Why Polaris wins: 1. Native REST catalog — Implements the Iceberg REST catalog spec natively. No adapters, no bridges. Trino and Spark connect via standard REST endpoints. 2. Apache TLP — True community governance (Apache Software Foundation). No single-vendor control, unlike Unity Catalog (Databricks). 3. Multi-engine — Designed from day one for Trino + Spark + Flink + any REST-compatible engine. HMS was Hive-first, others bolted on. 4. PostgreSQL backend — Uses standard RDBMS for metadata persistence. No embedded Derby, no custom storage. 5. Built-in RBAC — Catalog roles, principal roles, privilege grants.
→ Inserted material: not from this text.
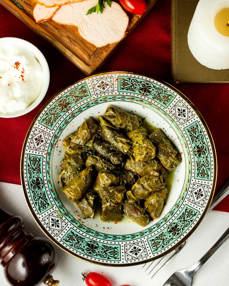 Традиционно к долме предлагают соус на основе кисломолочных ингредиентов, включающий чеснок и зелень.

Fine-grained access control at catalog/namespace/table level. 6. Credential vending — Can vend temporary S3 credentials to engines (with STS support). Centralizes storage access control. 7. Backed by Snowflake + Confluent — Strong industry backing, active development.
Alternatives Considered¶
Hive Metastore (HMS)¶
- Legacy standard, every Hadoop-era tool supports it
- Thrift-based protocol — old, complex, hard to extend
- No native REST catalog support (requires Iceberg's
HiveCatalogadapter) - No built-in RBAC, no credential vending
- Requires its own MySQL/PostgreSQL schema (separate from application data)
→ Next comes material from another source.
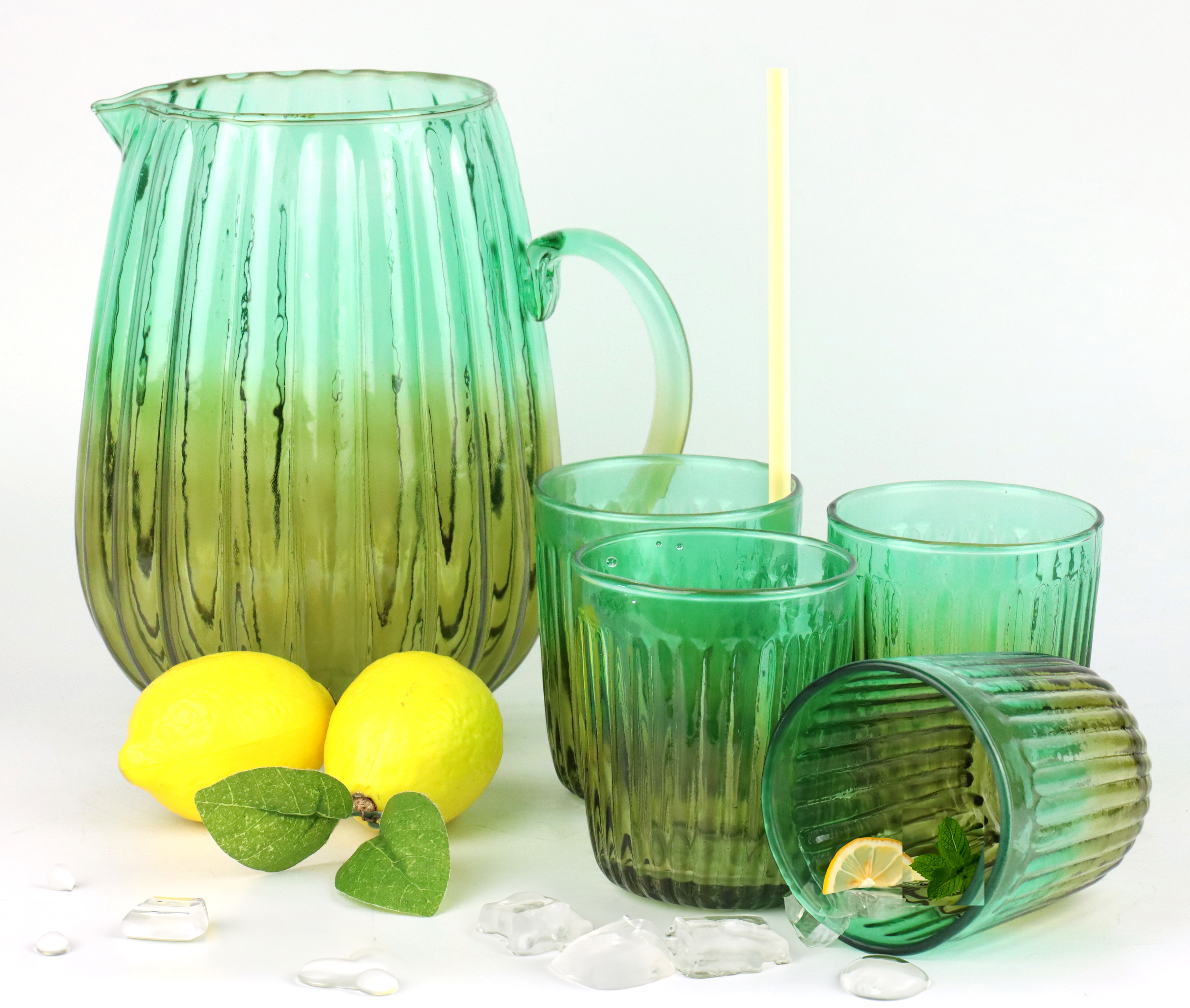 Mit dem Karaffenset "Green Harmony" können Ihre Kunden stilvoll Getränke servieren - ob erfrischendes Wasser, frisch gepresste Säfte oder edle Weine. Die Karaffe hat ein großzügiges Fassungsvermögen, während die Gläser handlich und doch großzügig genug sind, um jedem Getränk den nötigen Raum zu geben. Dies macht das Set ideal für den Einsatz zu Hause, bei Dinnerpartys oder für besondere Anlässe, die ein elegantes Ambiente erfordern.

- Rejected: legacy technology, no REST catalog, adds unnecessary complexity
Unity Catalog OSS¶
- Donated by Databricks to Linux Foundation (2024)
- Supports Iceberg, Delta, and Hudi table formats
- Still early-stage as OSS project, community governance unclear
- Databricks retains significant influence over direction
- Rejected: too early, governance concerns, Databricks-centric
Project Nessie¶
- Git-like branching and tagging for data (branch = isolated namespace)
- Interesting for data versioning and CI/CD for data
- Smaller community, less production deployment experience
- Branching model adds complexity for simple lakehouse use cases
- Rejected: branching model is overkill for AKKO's current needs, may revisit for advanced use cases
Consequences¶
Positive¶
- Standard REST catalog means any Iceberg-compatible engine works out of the box
- RBAC provides governance at the catalog level (complementing OPA at the query level)
- PostgreSQL backend integrates cleanly with AKKO's existing PostgreSQL infrastructure
- Future-proof — REST catalog is the emerging standard, HMS is declining
Negative¶
- Polaris is relatively new (Apache TLP 2026) — fewer production references than HMS
- Credential vending requires STS support from object storage (MinIO's STS is limited — mitigated by
stsUnavailable: true) - Polaris Quarkus-based application has its own operational quirks (healthcheck on port 8182, bootstrap credentials on first start only)
Neutral¶
- Migration from HMS to Polaris is possible via table registration (no data movement)
- Polaris does not replace data governance tools (OpenMetadata handles business metadata, lineage, quality)